When it comes to animating cameras for motion graphics, Motion has some pretty amazing tools. Now, if you want to learn all the intricacies of controlling the cameras, I recommend you check out my Motion 4 Essential Training Title, as I kind of went bonkers making sure to notate all of the different controls for the cameras. In this video, we're going to focus specifically on how to animate cameras when dealing with motion graphics. Now, the interesting thing about this is the fact that most motion graphics are layered with all kinds of effects: filters, particles, reflections, lighting-- you get the whole deal.
So let's just go ahead and press Play and see what's going on with this project.
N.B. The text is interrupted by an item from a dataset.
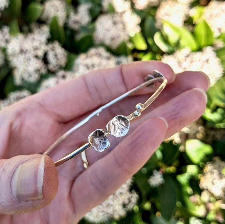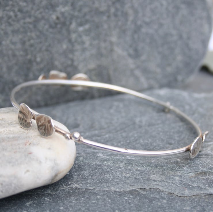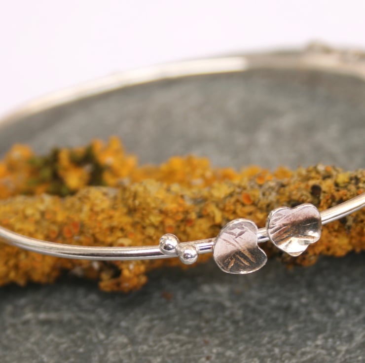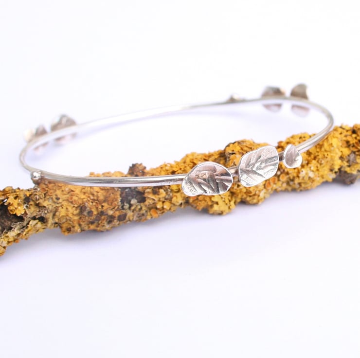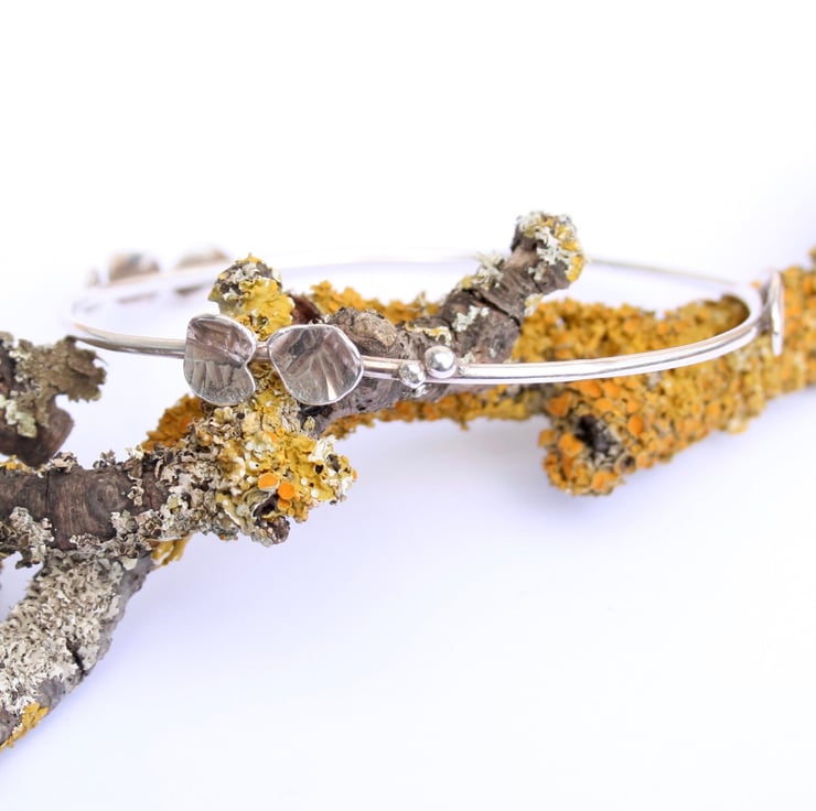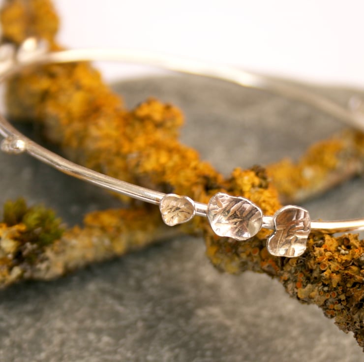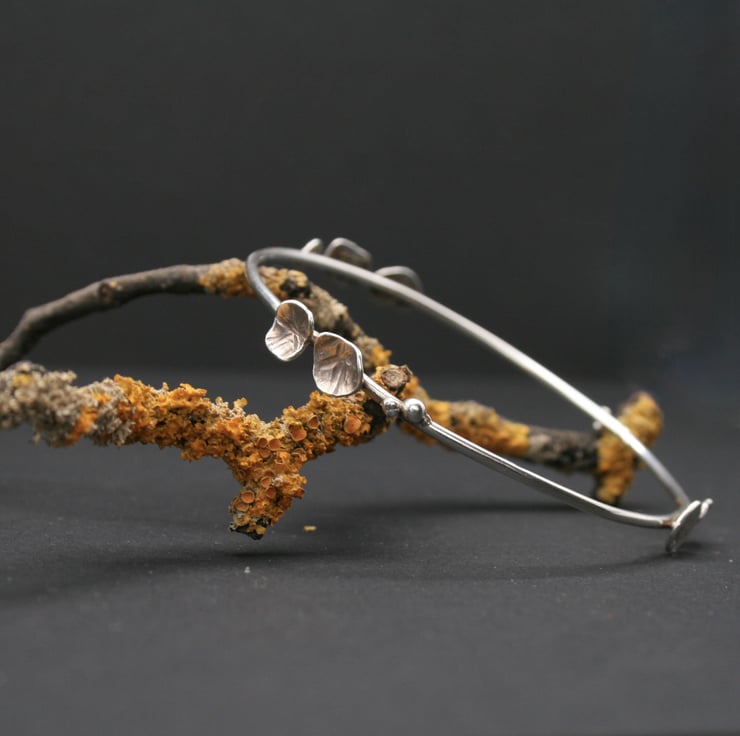 This beautiful sterling silver bangle is inspired by the lovely shapes of lichen that I see growing on branches in gorgeous clusters. Other pieces of jewellery are also available in this range.

So as you can see, I'm getting a blazing four or five frames per second, which is not quite what I'd expect from the real-time application that Motion is. Now, obviously this is not Motion's fault; I've layered all kinds of things in this project. Let's press F5 to see what I'm talking about. I've got two lights in the project. Of course I have my camera, and I have a particle system. And if we select a particle system under the Inspector, notice I have it set to Global 3D, which will render better, but notice they specifically notate Local 3D is faster.
If we go into all the different material settings, you can notice in the Properties area I've got Lighting, Shading, Highlights. You get the idea. It's very, very detailed. So when it comes to animating cameras for motion graphics, what I recommend is solo, solo, solo. So if you didn't get that, I'm going to say it one more time: solo. You need to solo the specific areas that you're trying to focus on. So, for example, let's select this Title layer. I want the camera to sweep around our text.
Now in order to do that, I need to actually be able to play back in real time. So select the Title layer and press Ctrl+S. Now notice everything else is kind of gone except for this title group, okay? So if I press play, watch what happens. Now, I'm getting a full 24 frames per second and I'm seeing my animated texture. That's pretty darn cool, but we want to do our camera move. So just move the playhead back to the beginning. Let's select our Camera here.
Go up to Add Behavior > Camera, and let's choose Sweep. Now, most of these camera behaviors work beautifully right out of the box. Literally just choose whatever it is you're trying to do and go up to the Camera Behavior and check it out. Whether its Focus or Framing or Sweep or Zoom, there are all kinds of different behaviors that work beautifully. But for Sweep, let's go ahead and just press Play and see what's come out, and sure enough it is exactly what I was looking for.
Now, I could tweak this more by changing the Start angle or the End angle. I can have it Swivel on the X, Y, or Z, but like I said, this is exactly what I was looking for. So in order to enable everything yet again, let's go to the Title layer and press Ctrl+S one more time, and you notice it un-soloes everything. Now, if you come up under Object, you can actually go right here and choose what you would like to Unsolo or Solo layer, right here.
So, I hope you can see the value in doing your camera animations for motion graphics here inside of Motion. The key is just to remember Solo.